Кругом же той однозвучной погудки дыбились, пучились, вставали своими искореженными, изрытыми, аль вспять покатыми боками «Пестрые, пегие» горы, как сказал бы русский… Горы Заилийского Алатау.

Тянь-шанские ели, могутные в росте деревья с пирамидальной кроной, темно-зелеными изогнутыми хвоинками и почитай фиолетовыми шишками, остались далеко позади. Словно по единому указу прекратил лес свое наступление, и последние из его ратников одиноко замерли на оставшихся много ниже пологих взгорьях.

Здесь же стлалась лишь трава, покоились боляхные каменья, принесенные давеча взбунтовавшейся речушкой, в тот миг… мгновения… временной этап получившей величание река, днесь журчащая редчайшим перезвоном капели. Вся эта чистота, благодать наполняла и сам воздух, и посему голубое небо подступало совсем близко и тянулось во взмахе человеческой руки. Скидывая, обволакивая и сами ершисто-ощетинившиеся стремнинные утесы, и изумрудные травы огромными массами облаков.

Частью облака цеплялись за выпирающие углами камни, частью переплетались с горной речной водой, а потому рождали блистающий в лучах солнца матовый дымок, легкой зябью встающий пред очами, а частью свивались, скручивались с самим разнотравием альпийских лугов.

Солнце, ноне не хоронилось, а также как и небесный купол нависало низко… низко… в движение, взмахе человеческой руки. Оно хваталось нижним своим краем за горную гряду, по окоему огораживая корытообразную долину, таящую в себе узкую речку и невысокие холмы. И казалось, само перекатывалось по грани тех вершин, изредка касаясь лучами белых полос снега, вроде долгих рушников растянутых по горным кряжам. Блики ярчайшего света отражались тогда от ледяных рушников, и перебирающей бусенцы водицы реченьки берущей начало с самих тех пластовых истоков.

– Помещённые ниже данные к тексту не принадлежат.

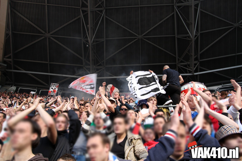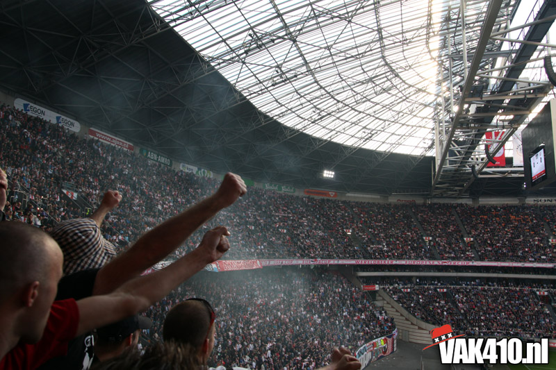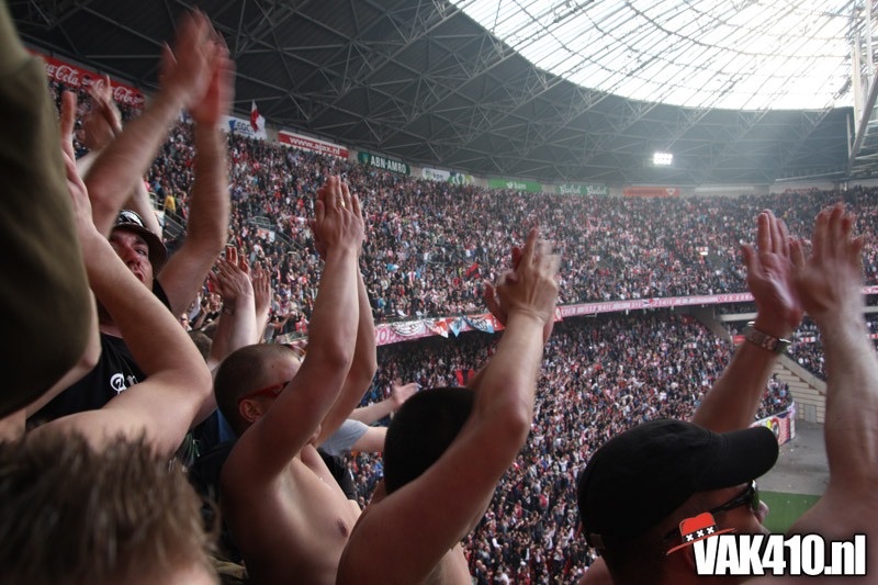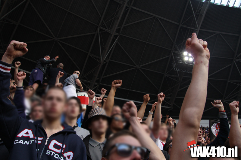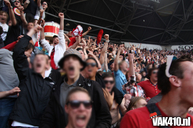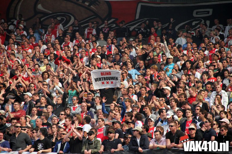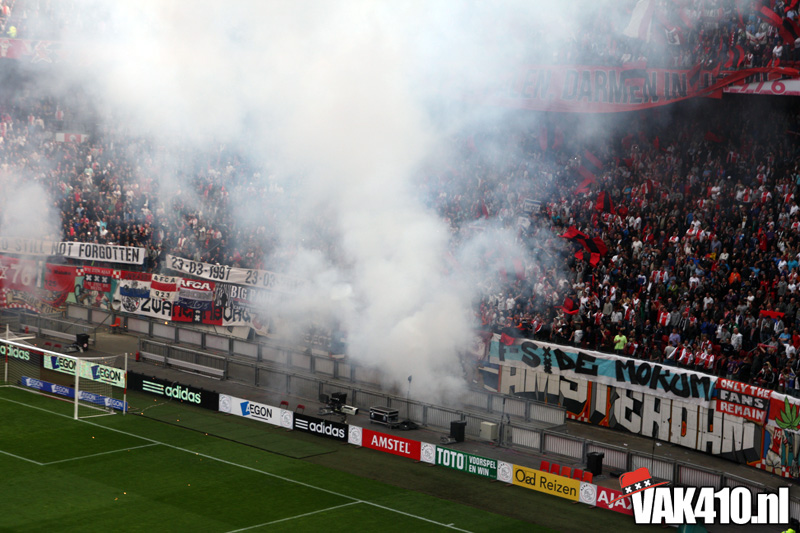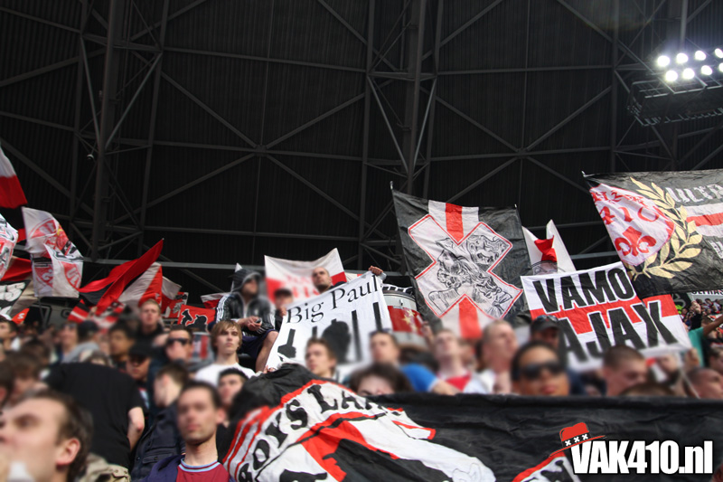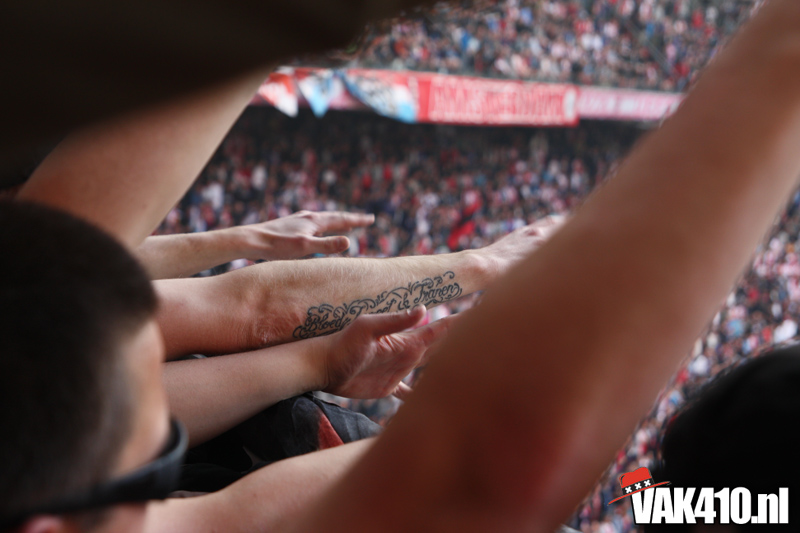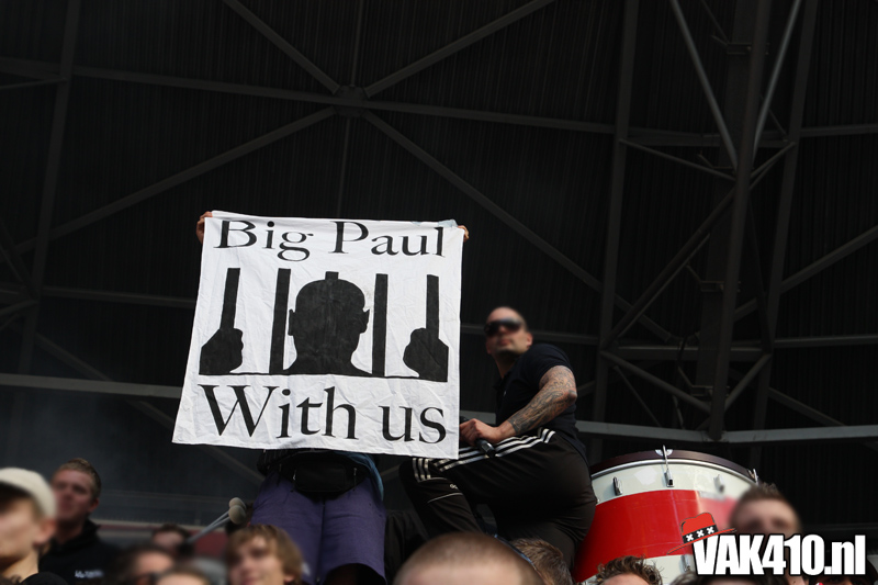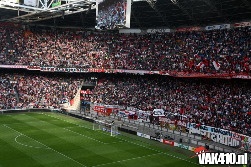 De magie van het doek werd overgebracht naar het veld en de Amsterdamse Zuid tribune. De Mokumse leeuw kwam in een ieder naar boven. De tribunes klokte, het stadion was 1. Er kon op de tribune en het veld dan ook niet meer verloren worden.
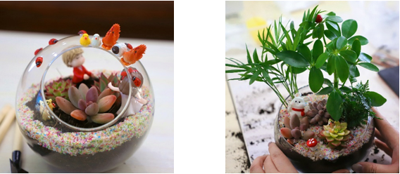 活动开始,兴趣小组邀请了从业多年的专业花艺老师在现场为大家进行讲解,从种植材料及步骤到养护的注意事项都进行概述和说明,之后对大家的实操进行辅导。在微景观容器中布置从岩石层—土壤层—苔藓层—植物层进行,很多员工选择了玻璃瓶器,根据自己的想法和喜好,有的用银线蕨、网纹草,有的用罗汉松、袖珍椰子等植物进行装扮,还有的员工选择了多肉,搭配木盒别有一番趣味。搭配了彩色的河沙,透明的雨花石,还装饰了一些可爱的小摆件,构造起了自己独特的微景观。
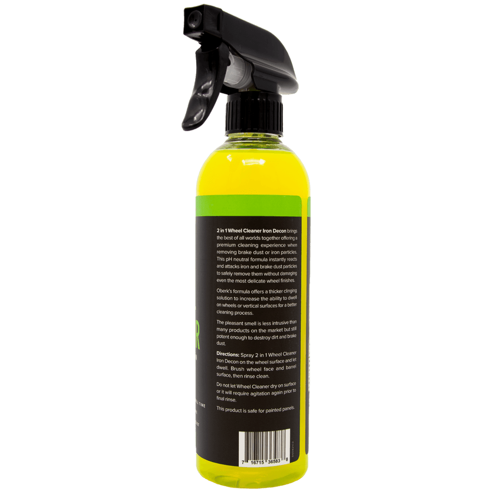 Oberk 2 en 1 Nettoyant pour roues est neutre en pH, utilisant une formule chimique avancée pour éliminer les particules de fer et l’excès de poussière de frein sans risque d’endommager les finitions de jantes les plus délicates.
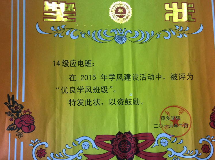 机电学院14应用电子班在2016年4月荣获2015年学风建设活动中“优良学风班级”称号。过去的一年,14应用电子班围绕校院、党团部门以及各行政单位的工作部署,创造性地完成了各项工作任务,在思想引领、成长服务、组织建设、服务社会、学习建设等方面取得了一系列可喜的成绩。在2015年3月太阳成集团官方网站雷锋月“践行社会主义核心价值观,争创时代先锋人”活动中荣获“太阳成集团官方网站雷锋班”称号。在2015年11月太阳成集团官方网站表彰了践行社会主义核心价值观“标兵团支部”和“十佳特色团支部”,14应用电子班获此殊荣。
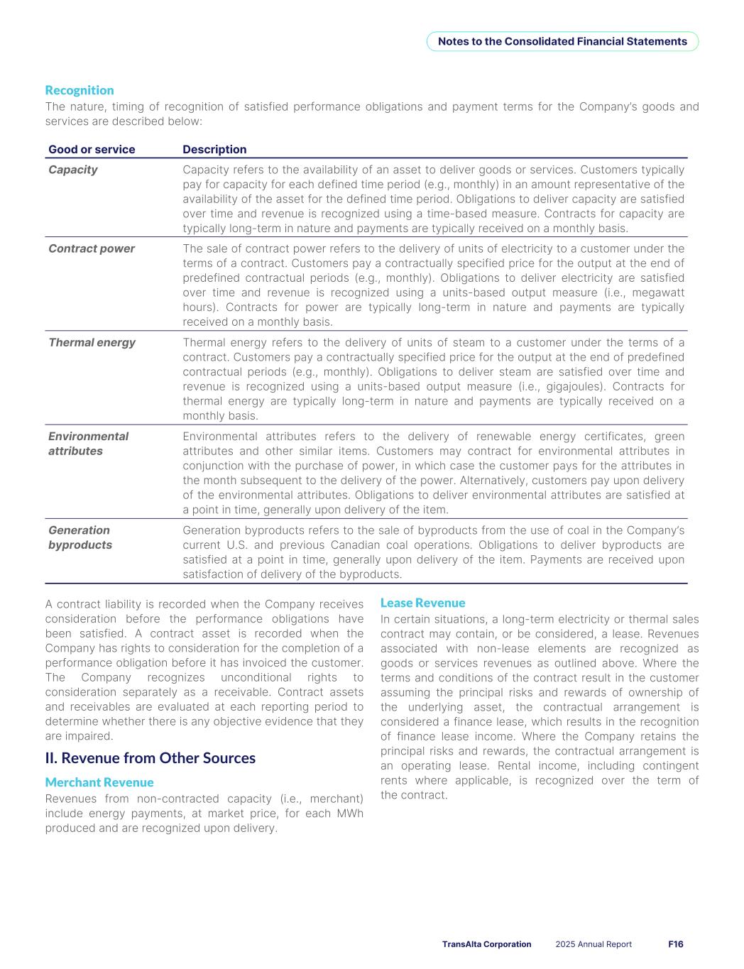 Recognition The nature, timing of recognition of satisfied performance obligations and payment terms for the Company’s goods and services are described below: Good or service Description Capacity Capacity refers to the availability of an asset to deliver goods or services. Customers typically pay for capacity for each defined time period (e.g., monthly) in an amount representative of the availability of the asset for the defined time period. Obligations to deliver capacity are satisfied over time and revenue is recognized using a time-based measure. Contracts for capacity are typically long-term in nature and payments are typically received on a monthly basis. Contract power The sale of contract power refers to the delivery of units of electricity to a customer under the terms of a contract. Customers pay a contractually specified price for the output at the end of predefined contractual periods (e.g., monthly). Obligations to deliver electricity are satisfied over time and revenue is recognized using a units-based output measure (i.e., megawatt hours). Contracts for power are typically long-term in nature and payments are typically received on a monthly basis. Thermal energy Thermal energy refers to the delivery of units of steam to a customer under the terms of a contract. Customers pay a contractually specified price for the output at the end of predefined contractual periods (e.g., monthly). Obligations to deliver steam are satisfied over time and revenue is recognized using a units-based output measure (i.e., gigajoules). Contracts for thermal energy are typically long-term in nature and payments are typically received on a monthly basis. Environmental attributes Environmental attributes refers to the delivery of renewable energy certificates, green attributes and other similar items. Customers may contract for environmental attributes in conjunction with the purchase of power, in which case the customer pays for the attributes in the month subsequent to the delivery of the power. Alternatively, customers pay upon delivery of the environmental attributes. Obligations to deliver environmental attributes are satisfied at a point in time, generally upon delivery of the item. Generation byproducts Generation byproducts refers to the sale of byproducts from the use of coal in the Company’s current U.S. and previous Canadian coal operations. Obligations to deliver byproducts are satisfied at a point in time, generally upon delivery of the item. Payments are received upon satisfaction of delivery of the byproducts. A contract liability is recorded when the Company receives consideration before the performance obligations have been satisfied. A contract asset is recorded when the Company has rights to consideration for the completion of a performance obligation before it has invoiced the customer. The Company recognizes unconditional rights to consideration separately as a receivable. Contract assets and receivables are evaluated at each reporting period to determine whether there is any objective evidence that they are impaired. II. Revenue from Other Sources Merchant Revenue Revenues from non-contracted capacity (i.e., merchant) include energy payments, at market price, for each MWh produced and are recognized upon delivery. Lease Revenue In certain situations, a long-term electricity or thermal sales contract may contain, or be considered, a lease. Revenues associated with non-lease elements are recognized as goods or services revenues as outlined above. Where the terms and conditions of the contract result in the customer assuming the principal risks and rewards of ownership of the underlying asset, the contractual arrangement is considered a finance lease, which results in the recognition of finance lease income. Where the Company retains the principal risks and rewards, the contractual arrangement is an operating lease. Rental income, including contingent rents where applicable, is recognized over the term of the contract. TransAlta Corporation 2025 Annual Report F16
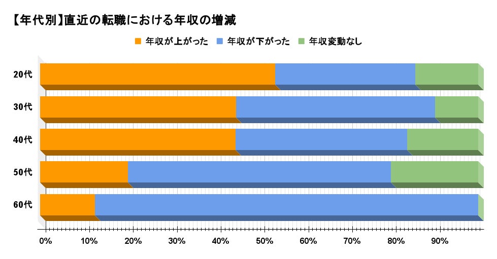 【年代別】転職で年収が上がった人・下がった人の割合
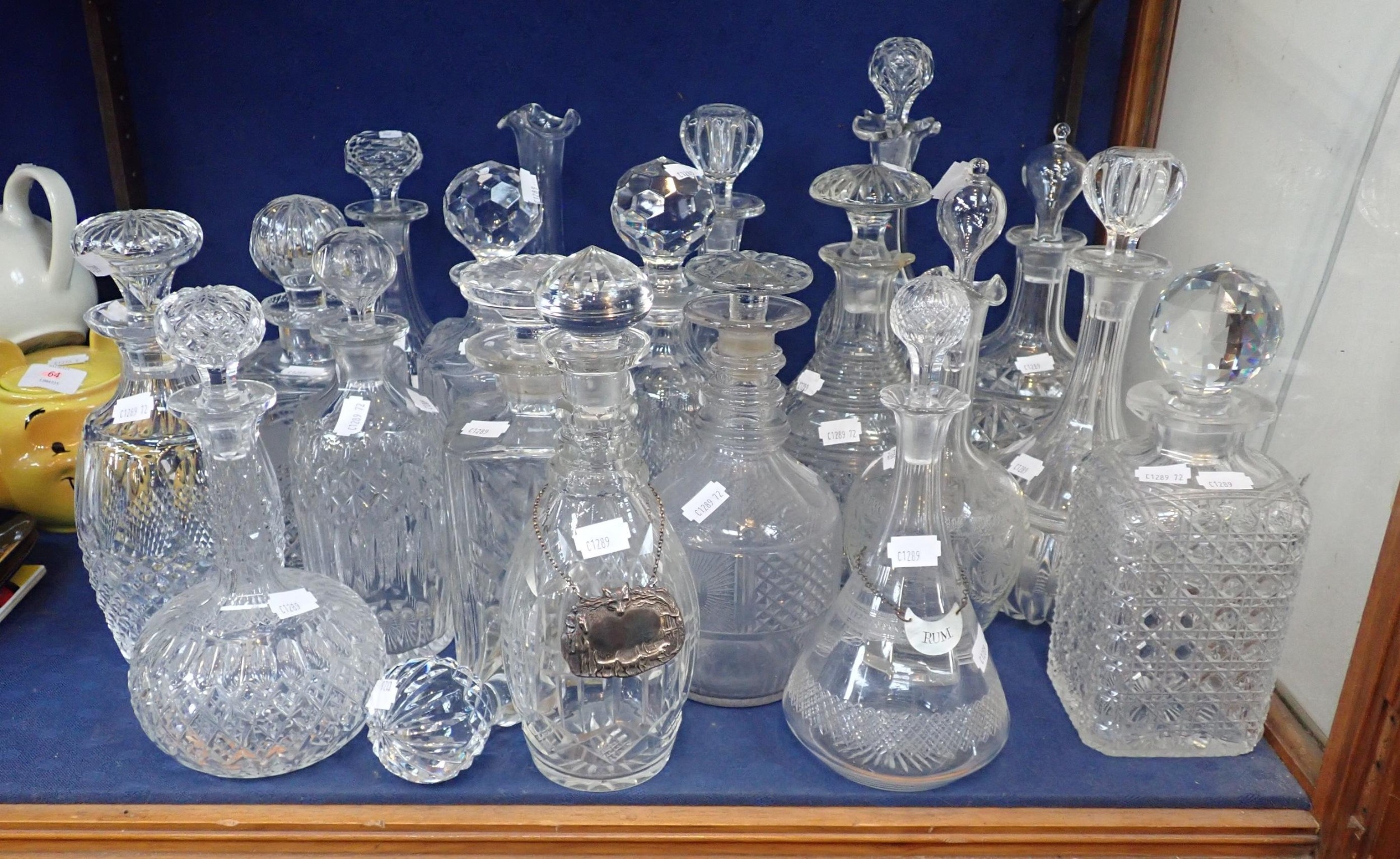 A COLLECTION OF DECANTERSvarious styles and ages, some well cut, with some spare stoppers
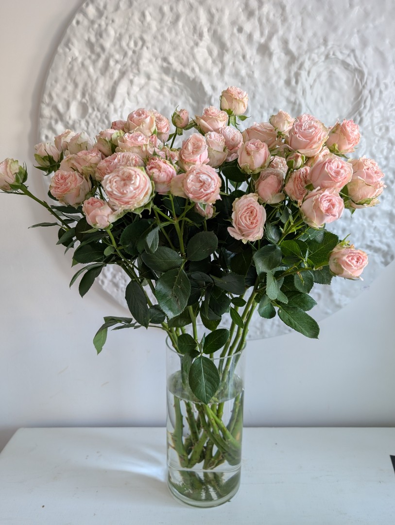 Сделайте косой срез стеблей под углом 45° на 2–3 см острым ножом или секатором. Обновляйте срез при каждой смене воды и регулярно мойте вазу.

И вовсе редко перекликались меж собой улары… не то, чтобы опасаясь этих сурово-величественных краев, просто не желая разрушать его ни с чем, ни сравнимую мощь и силу. Своим чуть слышимым «кок-когок-кок» придавая этим Пестрым, пегим, как сказал бы русский… этим Алаауы, как скажет казах, горам состояние вневременности.

КОНЕЦ

г. Краснодар, июль 2014 г.

Память

Посвящаю моей бабушке,

участнику ВОВ

Каплуновой Валентине Алексеевне

Память подобно мозаичному рисунку сохраняется в нас отдельными самоцветными камушками, тончайшими изразцами, стеклянными осколками али только всплесками, лепестками, лохмотками событий. Она остается в нас частями произошедшего, одиночными эпизодами снов, особенными звуками и легким ароматом цветущей на Кубани в апреле месяце вишни.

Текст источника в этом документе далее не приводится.